President Bush, who launched this debate two years ago, is treading politically treacherous terrain. To his right are the nativists -- the build-the-wall and Minuteman crowd -- whose passion outweighs their numbers but who also represent what is in some ways mainstream Republican thinking on immigration. To his left are the cheap-labor Chamber of Commerce types and, increasingly, evangelical Christian conservatives who take the biblical injunction to welcome the stranger seriously.

Perhaps it is his Texas roots, or his sympathy with business’ desire for people who will work cheaply, or his eye on the 40 percent of Hispanics who voted for him last time around -- the reason doesn’t really matter -- but the president has demonstrated a surprising level of nuance on this issue. “It says something about our country that people around the world are willing to leave their homes and leave their families and risk everything to come to America.” He’s right. And for his tone, if not every detail of his approach, the president should be applauded.

Mountains of misinformation and wrong impressions, however, have formed on either side of the debate. To hear some opponents of immigration reform, the United States has become downright hostile to any kind of immigration and at the service of those who want to close the door behind us. The fact is that immigration numbers have increased not only steadily but by significant percentages since 1970, when the United States was home to 9.6 million foreign-born residents. According to figures from the U.S. Census Bureau, the figure rose to 14.1 million in 1980; to 19.8 million in 1990; to 31.1 million in 2000; and to 33.5 million in 2003, a figure representing 11.7 percent of the U.S. population. That number does not include the undocumented.

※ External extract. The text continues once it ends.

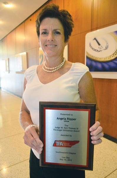 Gail Elsea had to let the cat out of the bag early. She had nominated her boss, Unum Group employment attorney Angela Ripper, for the Judge W. Neil Thomas III Paralegal Utilization Award, and Ripper had won. But there was a problem: The Southeast chapter of the Tennessee Paralegal Association, which gives out the award, was scheduled to announce Ripper as this year’s recipient during the Chattanooga Bar Association’s Law Day celebration, and Ripper spends her lunch hour working out in the company gym.

At the same time, those who follow the lead of Republican Sen. Bill Frist see the entire matter in terms of security. More guards and guns and stricter enforcement will cost more, it will make some feel as if we’re doing something to control immigration and it will placate those who think we have to be tougher on lawbreakers.

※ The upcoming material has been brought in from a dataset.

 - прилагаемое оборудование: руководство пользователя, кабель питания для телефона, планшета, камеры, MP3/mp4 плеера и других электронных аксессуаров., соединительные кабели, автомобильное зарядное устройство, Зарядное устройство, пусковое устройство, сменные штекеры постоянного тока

But for the significant cost it will require, it will do nothing to get at the deeper issues: what Americans are willing to pay for planting and harvesting and other work now done by migrants; the revenue stream that Mexicans and other Latin Americans have become for their home countries; the effects of globalization that are, for instance, forcing people off farms in their home countries and into cities where there are no jobs.

In the two years since President Bush announced his intention to deal with immigration issues in a comprehensive fashion, the U.S. bishops and other members of the religious community have been among the most consistent and sensible advocates of true reform. Their focus has been threefold: Find a means to legalize the status of the 10 million to 12 million undocumented persons who live in the United States; provide a mechanism to allow additional foreign workers to come to the United States under conditions that protect their rights; and ease the restrictions on family reunification that currently exist for foreign-born permanent residents and citizens. The Senate bill, while imperfect, goes a long way to achieving each of those objectives.

Mahony, as a religious leader, has every right, even obligation, to raise issues of justice regarding immigrants and to announce that the church will not cooperate in draconian provisions of a proposed law. He is not telling people how to vote, nor is he using sacramental blackmail against legislators who might disagree.

He is using an argument straight from the church’s social justice tradition. And from the numbers that have turned out to demonstrate and the support he is receiving from the Catholic community and elsewhere, it seems to be a rather persuasive argument.